No need to apologise for the wording of your post.  I had no trouble understanding what you meant and found it a thoroughly sensible and realistic comment.  Thank you.


----------



## Calliope (28 October 2011)

Julia said:


> No need to apologise for the wording of your post.  I had no trouble understanding what you meant and found it a thoroughly sensible and realistic comment.  Thank you.




I totally agree. kimcasablancas' post is the most sensible made on this thread so far. There is no doubt that educated women are less likely to allow their bodies to be used as a vehicle for the production of children above the population replacement levels.


----------



## Sean K (30 October 2011)

Some startling figues here off wiki:

*Projections of population growth*

According to projections, the world population will continue to grow until at least 2050, with the population reaching 9 billion in 2040, and some predictions putting the population in 2050 as high as 11 billion.

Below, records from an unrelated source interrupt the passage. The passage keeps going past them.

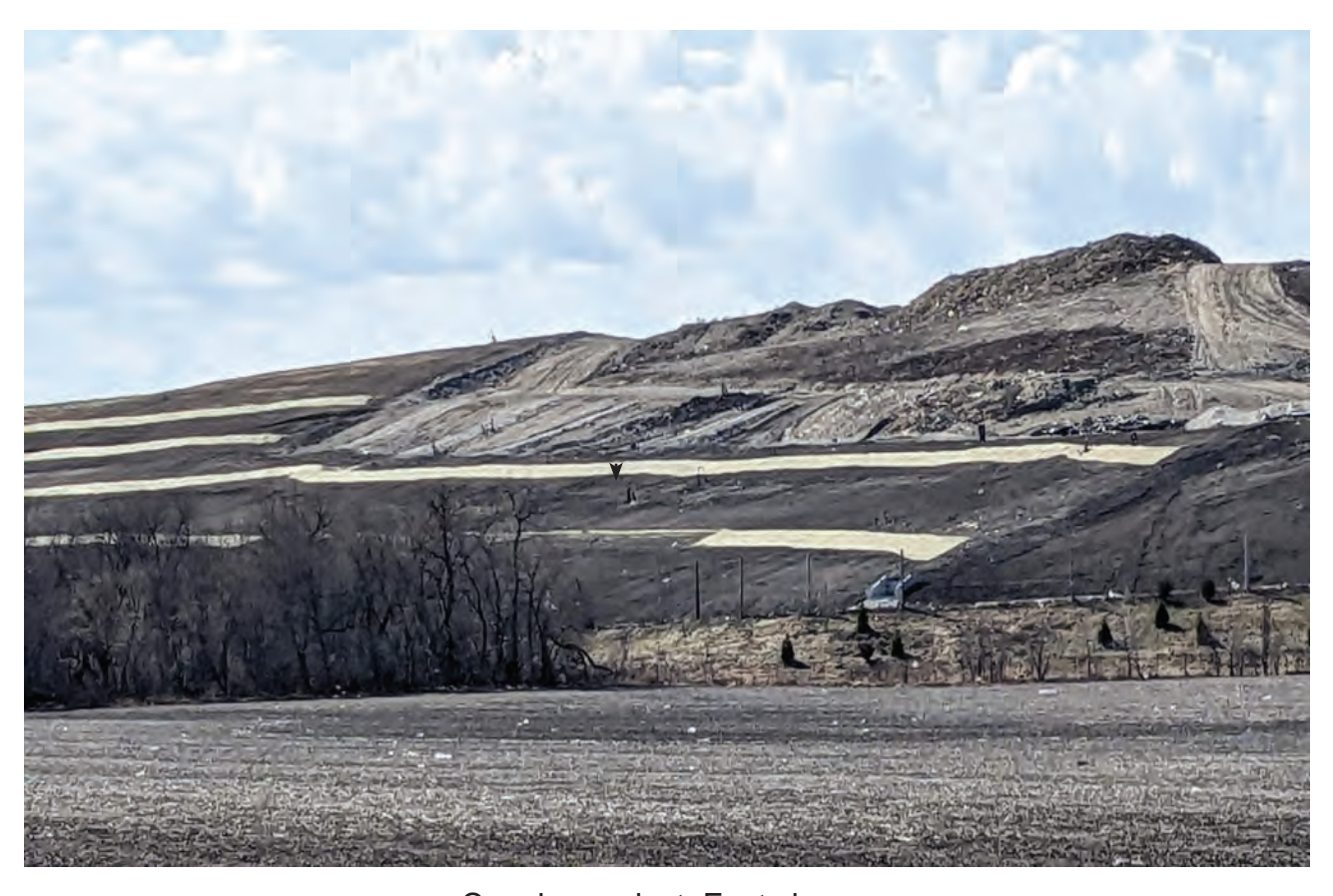
Capping project, East slopes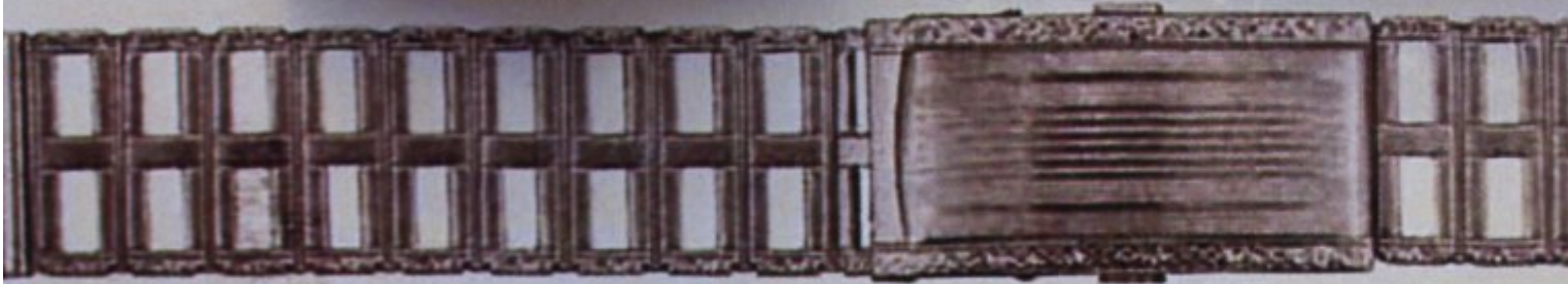
Flex No. 25—Tarnish-proof nickel band, 5-fold b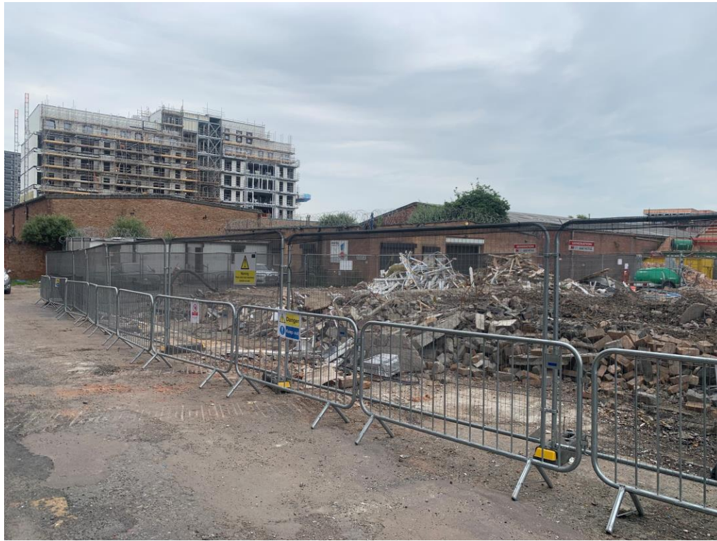
Dyer Street site view – buildings demolished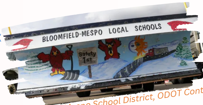
Bloomfield Mespo School District, ODOT Contest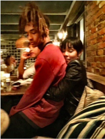
Jada Pinkett Smith and Jaden Smith.

Related Link: Celebrity Children Who Are Just Like Their Parents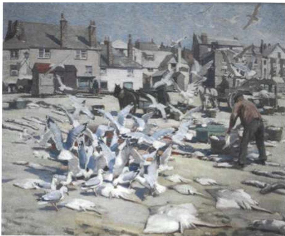
John Constable, 'The Gulls', 1826, oil on canvas, 100 x 140 cm, The Tate Gallery, London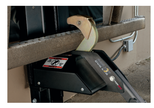
Unique rotating hook delivers the highest level of protection.

Stores above ground away from snow, ice, debris and standing water to ensure reliable performance. IP66 rated motor helps prevent dust and water infiltration. Resists damage by backing trailers. Corrosion resistant finish for all-weather performance.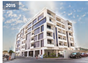
J5 Developer and exclusive sales and marketing

Operating with a dynamic and evolving strategic approach to developing new opportunities, the collective expertise and market knowledge of our trusted team of highly experienced industry professionals enables us to provide the best client experience, from initial concept to handover and beyond, whilst maintaining optimum performance for both local and international clients' investments.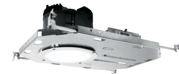
V6DR | 6" Vandal-Resistant Downlight – Round

Featuring 2,300 lumens, 80 CRI, 3500K CCT, diffuse polycarbonate lens with white finish, wide distribution, 1/2" flange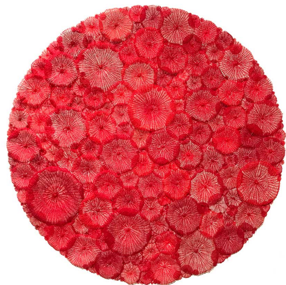
Image: Meredith Woolnough, The New Neighbours , 2017, Polyester Embroidery thread, Dimensions variable, 400+ individual embroideries pinned to the wall (shown install size 135cm diameter circle)

MAKE: Find an interesting image of a piece of coral. Draw it as many times as you can on a piece of paper. Switch between different colours, turn the paper and overlap your drawings to create your own living coral reef illustration.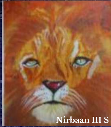
Nirbaan III S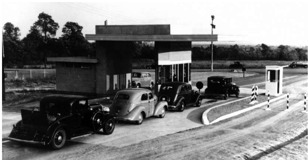
Cars lining up for the opening of the Pennsylvania Turnpike in 1940.

Beyond the uncertainties inherent in a multi-generational time frame, an additional issue of good-government arises: disenfranchisement of future generations of voters. Private investors specifically seek out essential thoroughfares which lack attractive alternative routes. These highways are vital infrastructure, integral to the daily lives of residents. So long as the State, directly or through a Turnpike Authority, retains control over its toll roads, voters have the ability to hold decision-makers accountable. Turning over control of the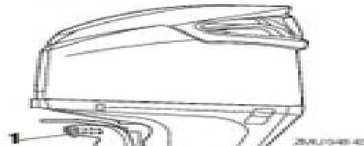
1. Manufactured date label location

This label is attached to the clamp bracket or the swivel bracket.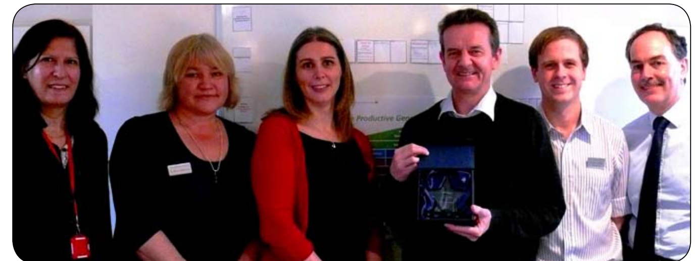
Proudly displaying their Smokefreelife Berkshire GP Recognition Award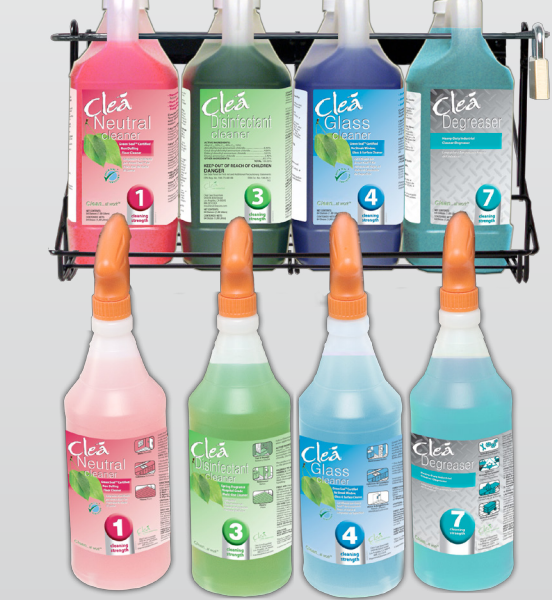
Locking Wire Basket CLWB-3

According to the United Nations' World Population Prospects report:

The world population is currently growing by approximately 74 million people per year. Current United Nations predictions estimate that the world population will reach 9.0 billion around 2050, assuming a decrease in average fertility rate from 2.5 down to 2.0.

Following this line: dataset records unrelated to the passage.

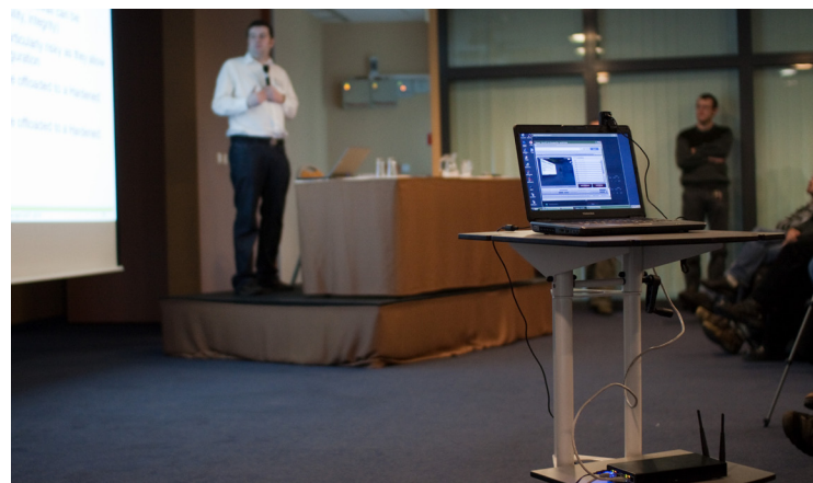
Live video stream to www.tiktube.com

As RB250GS is a switch, it can throughput data at wire speeds, ie. maximum possible.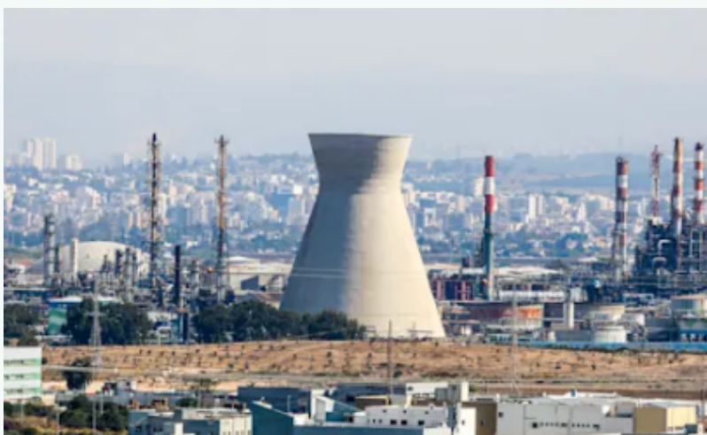
Air Pollution in Haifa Bay

In February 2021, we kicked off the year with the unprecedented ruling of the class action, filed in 2019 against mass exposure to air pollution in Haifa Bay. The ruling set a precedent allowing thousands of residents the possibility of jointly suing polluting factories in Haifa Bay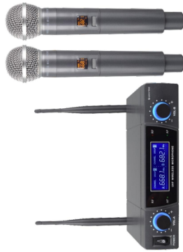
WM-58U Standard UHF with 2 wireless microphones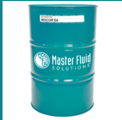
54-gallon drum SKU: NOCORE6-54G UPC-12: 641238042358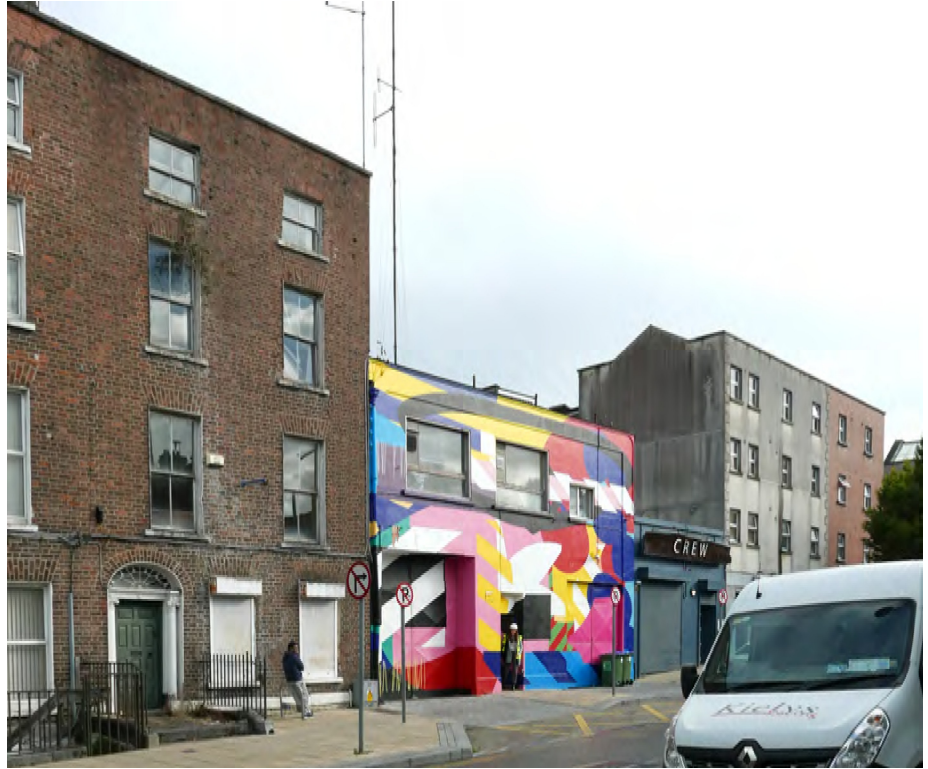
Street view Nos. 33 / 34 Thomas Street

2.14 No. 34 Thomas Street, is a two-storey twentieth-century building which was originally the city fire station, and more recently used by the Civil Defence. It has large openings on its front elevation, which has an industrial expression that is unsympathetic to the adjacent Georgian terrace.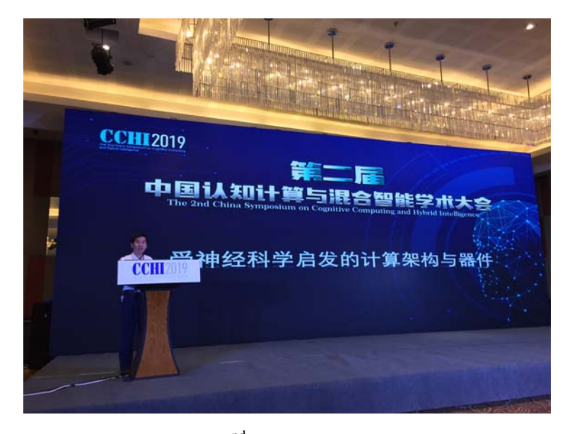
Fig. 4: Prof. Yu is invited to give a talk in the 2<sup>nd</sup> China Symposium on Cognitive and Hybrid Intelligence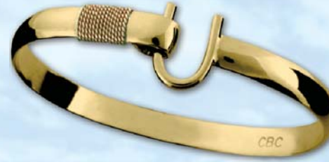
Montesino Hook Bracelet (Y6L) 14k Gold • Wrist sizes 6.5" / 7" / 7.5" / 8" 6mm thickness • Retail — See Price List!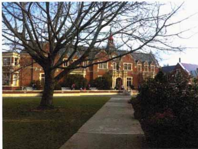
Fig 3. Lincoln University Campus

Lincoln University refers itself as the only specialist university in NZ. It is much smaller than Massey with 4500 student body offering courses in Agriculture, Horticulture, Environment, Tourism, and Commerce. Lincoln has recently merged with Telford Rural Polytechnic who run lower level one year practical courses for 15 yr olds in dairy, sheep and deer (similar to our FE colleges) which makes Lincoln University very comparable to SRUC in both course provision and level.

Almost all growth will take place in the less developed regions, where today's 5.3 billion population of underdeveloped countries is expected to increase to 7.8 billion in 2050. By contrast, the population of the more developed regions will remain mostly unchanged, at 1.2 billion. An exception is the United States population, which is expected to increase 44% from 305 million in 2008 to 439 million in 2050.

In 2000-2005, the average world fertility was 2.65 children per woman, about half the level in 1950-1955 (5 children per woman). In the medium variant, global fertility is projected to decline further to 2.05 children per woman.

During 2005-2050, nine countries are expected to account for half of the world's projected population increase: India, Pakistan, Nigeria, Democratic Republic of the Congo, Bangladesh, Uganda, United States, Ethiopia, and China, listed according to the size of their contribution to population growth. China would be higher still in this list were it not for its One Child Policy.

Global life expectancy at birth, which is estimated to have risen from 46 years in 1950-1955 to 65 years in 2000-2005, is expected to keep rising to reach 75 years in 2045-2050. In the more developed regions, the projected increase is from 75 years today to 82 years by mid-century. Among the least developed countries, where life expectancy today is just under 50 years, it is expected to be 66 years in 2045-2050.
The population of 51 countries or areas, including Germany, Italy, Japan and most of the successor States of the former Soviet Union, is expected to be lower in 2050 than in 2005.

During 2005-2050, the net number of international migrants to more developed regions is projected to be 98 million. Because deaths are projected to exceed births in the more developed regions by 73 million during 2005-2050, population growth in those regions will largely be due to international migration.

In 2000-2005, net migration in 28 countries either prevented population decline or doubled at least the contribution of natural increase (births minus deaths) to population growth. These countries include Austria, Canada, Croatia, Denmark, Germany, Italy, Portugal, Qatar, Singapore, Spain, Sweden, United Arab Emirates and United Kingdom.

Birth rates are now falling in a small percentage of developing countries, while the actual populations in many developed countries would fall without immigration.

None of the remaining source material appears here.